3- you won't find Lewis Hamilton at Suzuka running Penske. Mercedes F1 use Koni dampers.
  • + 3
 @ScandiumRider - presumably the new regressive shock. I can't see there being any reason for them to illustrate the curves of a standard CTD shock, and all three of the curves display the same trademark "bump" as the curve for the RE:aktiv regressive shock on the left. That said, their color choices are confusing.

Also, I'm not quite a fan of the "RE:aktiv" branding. fi'zi:k isn't explained either, but at least it doesn't make any sense. THIS, however looks like the heading for a memo. I imagine it's not. I think that if a marketing department is going to get freaky with nomenclature, they at least have to have some cutesy little explanation for it. Otherwise it's just bad art.
  • + 1
 G123-wrong on #3 Lewis Hamilton DOES run Penske Dampers. Check their website. And they actually ran Sachs before the Penskes, 3 years ago. Your mistaking them with McLaren.
  • + 2
 @matmanmoto - you're right, I was going from memory. I thought it was RBR, Force India, Toro Rosso, Caterham and Marussia only on Penske. Aren't McLaren with Bilstein?
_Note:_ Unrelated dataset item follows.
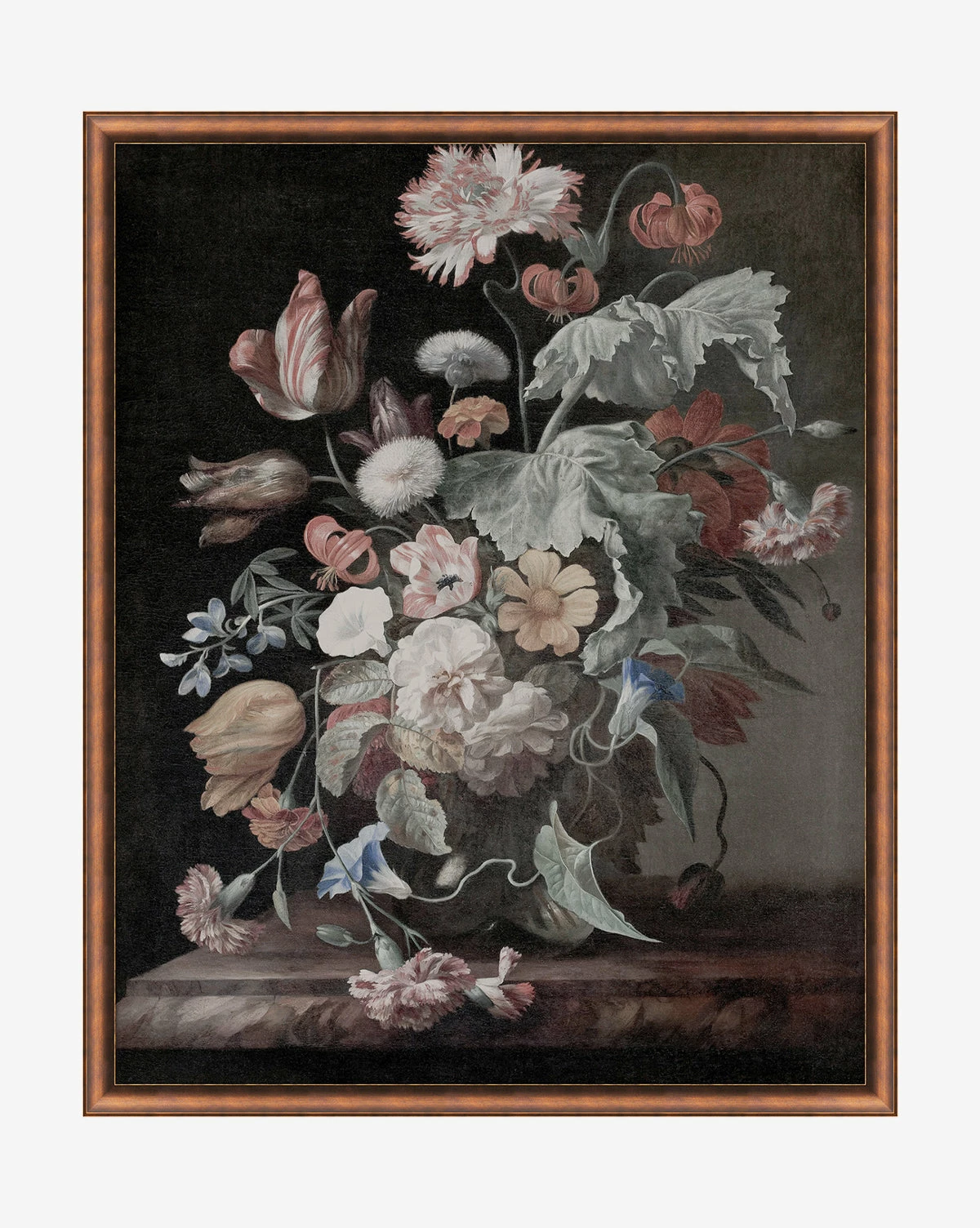 Elegant and moody, Botanical Renaissance brings beauty to your space in the form of a lush vase of flowers contrasted against a dark background. Presented within a bronze-finished frame, this piece brings gallery-quality materials to your decor.

Regardless, the whole sales pitch of using "F1 technology lifted from an F1 car" is pretty laughable. Now, design and sell some banned active suspension from the Williams 14B, and you've got my interest...
  • + 1
 so whats next for the rest of the 2015 trek mtb line. the session is coming in 650b eventually, since the racers are on them. i am curious about whats next for the slash. will my newly purchase slash be outdated by much on the next go around? all we can say is its nice that companies are pushing hard to make our ridding experiences that much better. are they pushing to make our wallets even lighter too? are mtb companies going to price their self's out of sales for the average buyer worse than they already are? spending what i did on the mid level slash would have got a top tier bike a few years back. the mtb industry has become a crazy hard to afford hobby, with crazy things happening. these companies with their proprietary shock and fork technologies are crazy. i sure would love open options on my trek when it comes to a shock replacement. it would be nice when its time to replace my shock i had the option to go with a ccdb inline or what ever else i would like to choose. when bike companies get specific it makes it tough to build aftermarket options for every bike. maybe its time we all just work hard enough to afford a killer bike then bust our asses learn to ride like a pro and understand our bikes and get sponsored so we can afford to keep riding.
  • + 4
 couldn't the spoke bracing angle be improved by just making the flanges taller?
  • + 1
 or make the wheel stiffer with thicker spokes... what a waste
  • + 1
 Great idea guys, I'll be those moron engineers at Trek with years and years of education and experience didn't consider either one of those things. You should probably apply for jobs at Trek.
  • + 2
 im sure the stupid hub wasn't an engineers idea... its just like giants overdrive 2... they need something simple to show know nothing buyers that their bike is stronger.
  • + 3
 148 really only disadvantages the owner of this bike in the fact they have limited choice of aftermarket hubs/wheelsets
Can't see 148 becoming a new standard
  • + 1
 There's a lot to be upset about here...proprietary hub spacing, BS marketing shock...but the thing that is reaaaaaaaly making me hyperventilate is that gowdamn "Deflection Comparison" chart.

Really...3D excel charts?

This is even worse when you compare it against the simple, effective and stylish Damping 101 and CTD Behaviour charts below.

You guys could start reviewing e-bikes and I wouldn't mind. Hell mandate that I have to wear a fanny-pack, goggles and a half shell just to read the site and I'll gladly enduro-up before I read. But I swear to good if I see another needlessly "fancy"chart on this site, I'm leaving and never coming back.
  • + 0
 What do you expect from Mike Levy? He's a shill for SRAM and then some.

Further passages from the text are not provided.